In the last Nature Reviews Neuroscience, a paper reviewing the work showing cultural differences in brain activation. I’m afraid there’s no non-gated version, but here’s the abstract:

Our brains and minds are shaped by our experiences, which mainly occur in the context of the culture in which we develop and live. Although psychologists have provided abundant evidence for diversity of human cognition and behaviour across cultures, the question of whether the neural correlates of human cognition are also culture-dependent is often not considered by neuroscientists. However, recent transcultural neuroimaging studies have demonstrated that one’s cultural background can influence the neural activity that underlies both high- and low-level cognitive functions. The findings provide a novel approach by which to distinguish culture-sensitive from culture-invariant neural mechanisms of human cognition.

A caveat though. The authors seem to be resolutely tilted towards the view that the differences are very important, and only mention the commonalities in passing (see this paper for a counterpoint).

And I cannot help always being a bit puzzled by the fact that people seem to find so much comfort in the findings of such differences. I’m not quite sure what they bring: we know that there are behavioral (and cognitive) differences, and we know that these differences have to be reflected, in some manner, in the brain. So what’s all the fuss about? To quote the abstract: “Although psychologists have provided abundant evidence for diversity of human cognition and behaviour across cultures, the question of whether the neural correlates of human cognition are also culture-dependent is often not considered by neuroscientists.” Given that we have the behavioral differences, how could there not be any underlying differences in brain activation??
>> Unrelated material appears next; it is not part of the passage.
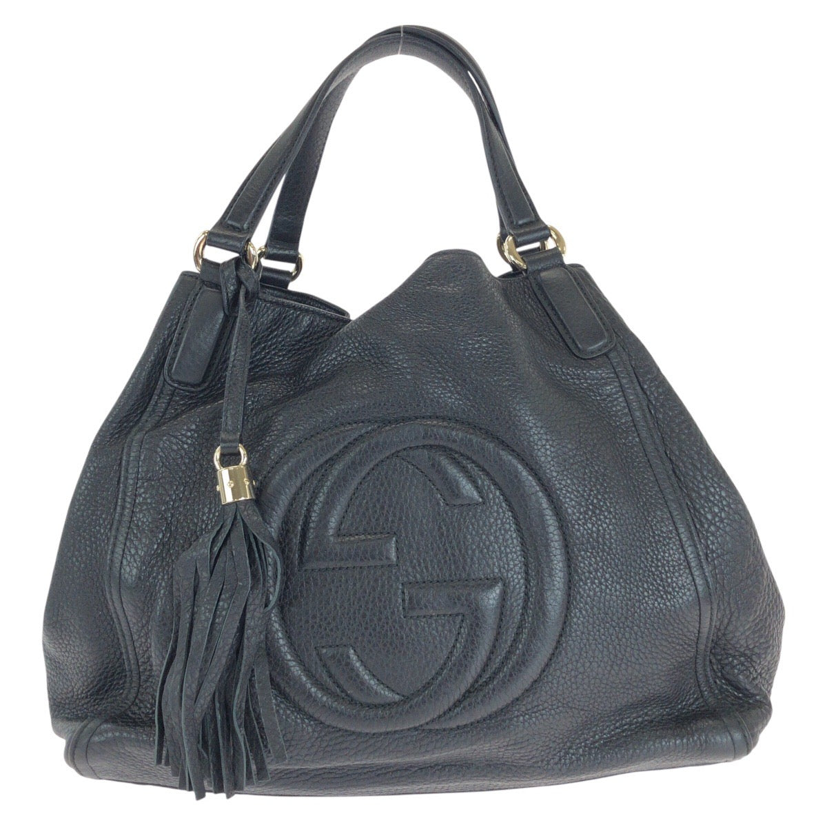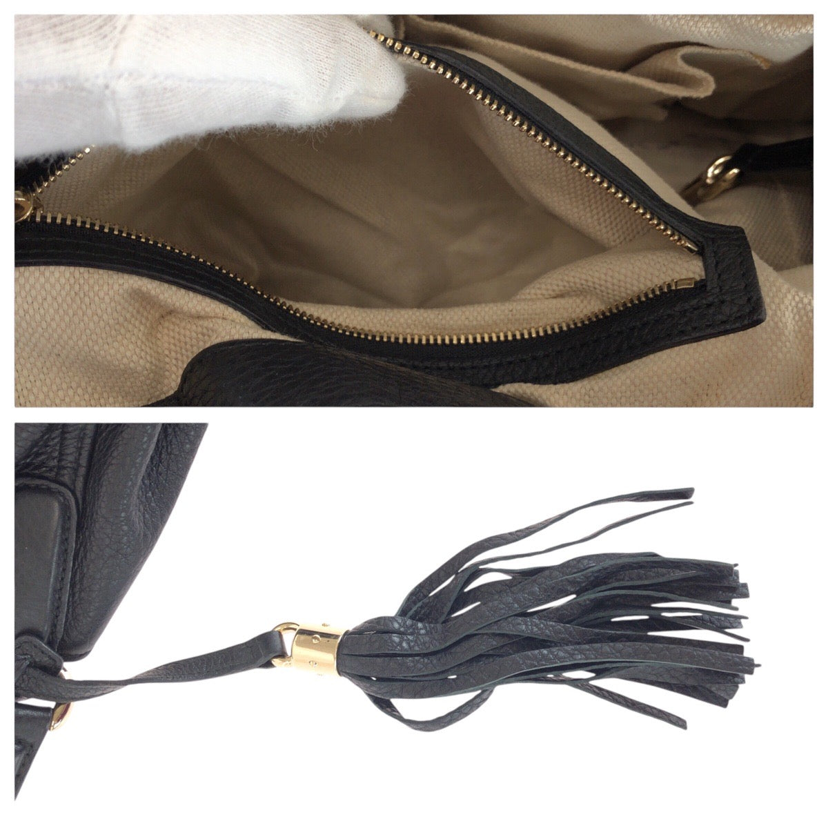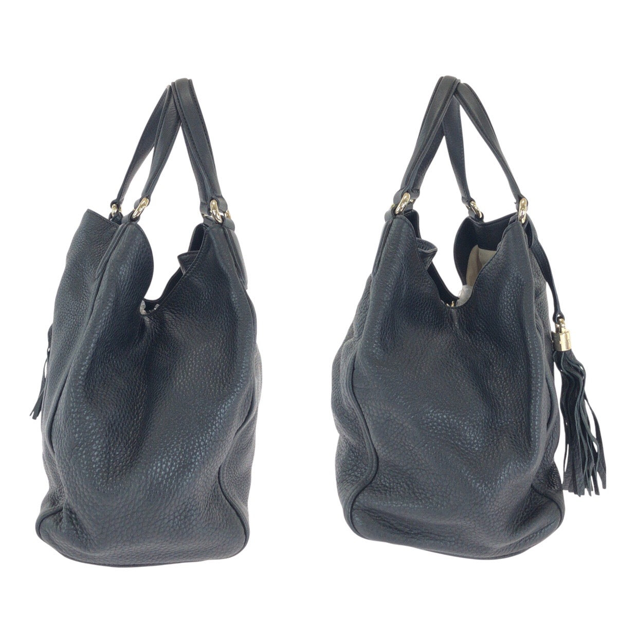 GUCCI Tote Bag 282309 leather Black GoldMetal Tote Bag Shoulder Bag Interlocking Tassels Soho Women Used Authentic

Likewise, when they find that the brains of expert piano players are different, with more space for the areas responsible for finger movements, are we really supposed to be surprised?

Given that we know that pretty brain images have a tendency to be persuasive for no good reason (or beyond any good reasons they may have to be), there is a danger lurking of making more of the behavioral differences simply because it’s been shown that there was an underlying difference in brain activation (or shape, or structure, or whatever). Unless we’re dualists, we already knew that! So if the differences in brain activation do not allow, for instance, disentangling between concurrent cognitive models, they are not only quite useless, but they can even be positively misleading.

1 Comment

  • comment-avatar
    Olivier Morin 25 September 2008 (13:23)

    Why are people interested in these studies if most of these results are close to uninterpretable? Here’s a possible answer. Trivial or meaningless results are not always a handicap, because many people just don’t want to interpret the results, they are satisfied with the fact that some work has been done on a previously neglected topic. They are happy with the evocative power of the images (culture AND the brain! gee, I didn’t know you could study both…). I am often surprized at how little people care about my theories, hypothesis, and occasional results, once they know the topics that I study. Just knowing that some work is being done, say, on ”pornography and the brain”, seems captivating enough. The appearance of theoretical work (look, people say science is indifferent to culture, but it’s wrong: we’re studying it. Right now. With fMRI!) often works better than the real thing. This should be a concern for all of us working on sexy topics such as culture and cognition (hey, let’s be honest, why were we attracted to this field in the first place?).